▶ _Provided records_
• • •

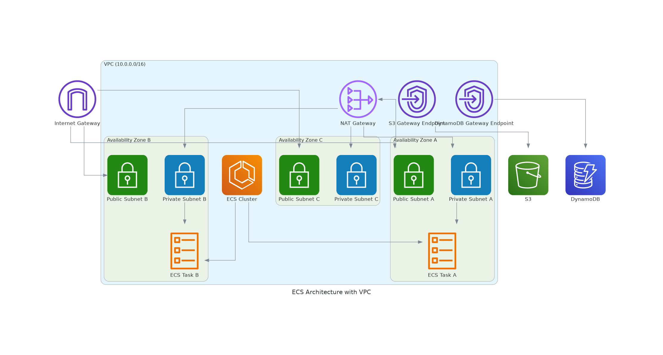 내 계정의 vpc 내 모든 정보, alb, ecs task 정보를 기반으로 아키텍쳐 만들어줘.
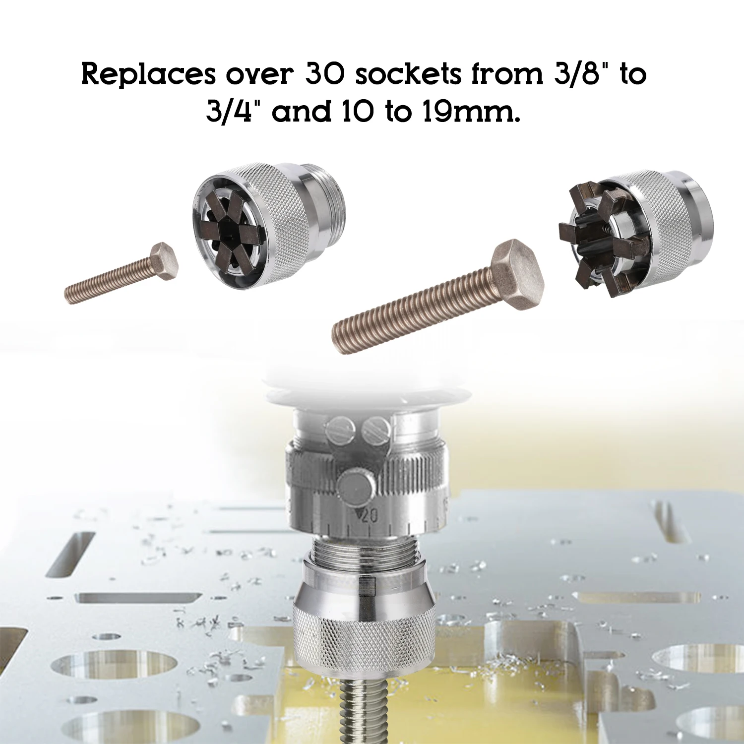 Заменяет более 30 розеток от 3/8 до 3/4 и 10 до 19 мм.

• • •

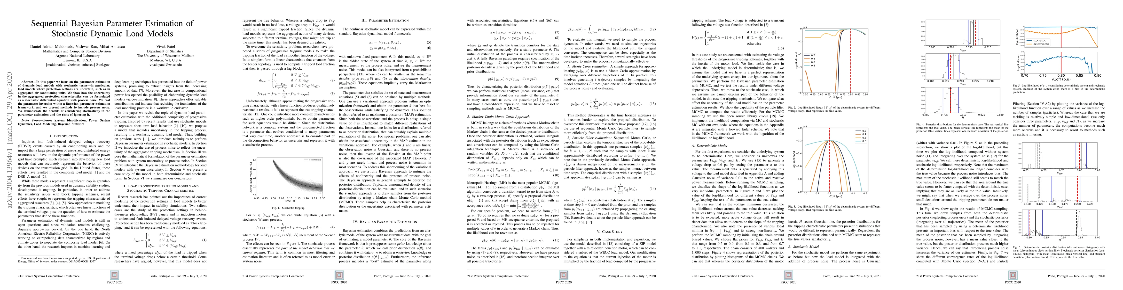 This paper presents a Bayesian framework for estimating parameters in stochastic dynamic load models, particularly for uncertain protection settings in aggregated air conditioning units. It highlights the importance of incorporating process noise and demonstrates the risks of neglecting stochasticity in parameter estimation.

• • •

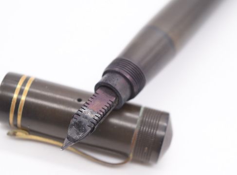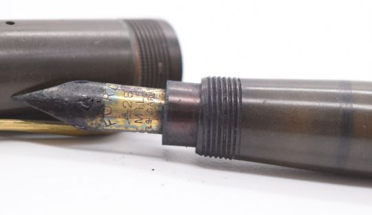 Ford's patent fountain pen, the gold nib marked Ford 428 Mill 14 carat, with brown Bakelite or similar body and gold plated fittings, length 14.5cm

• • •

▶ _Directions for this task_
In the listing above, find the line containing "내 계정의 vpc 내" and the line containing "Заменяет более 30". Reproduce those lines and all between them exactly, with no pictures and nothing more.

▶ _Expected output_
 내 계정의 vpc 내 모든 정보, alb, ecs task 정보를 기반으로 아키텍쳐 만들어줘.
 Заменяет более 30 розеток от 3/8 до 3/4 и 10 до 19 мм.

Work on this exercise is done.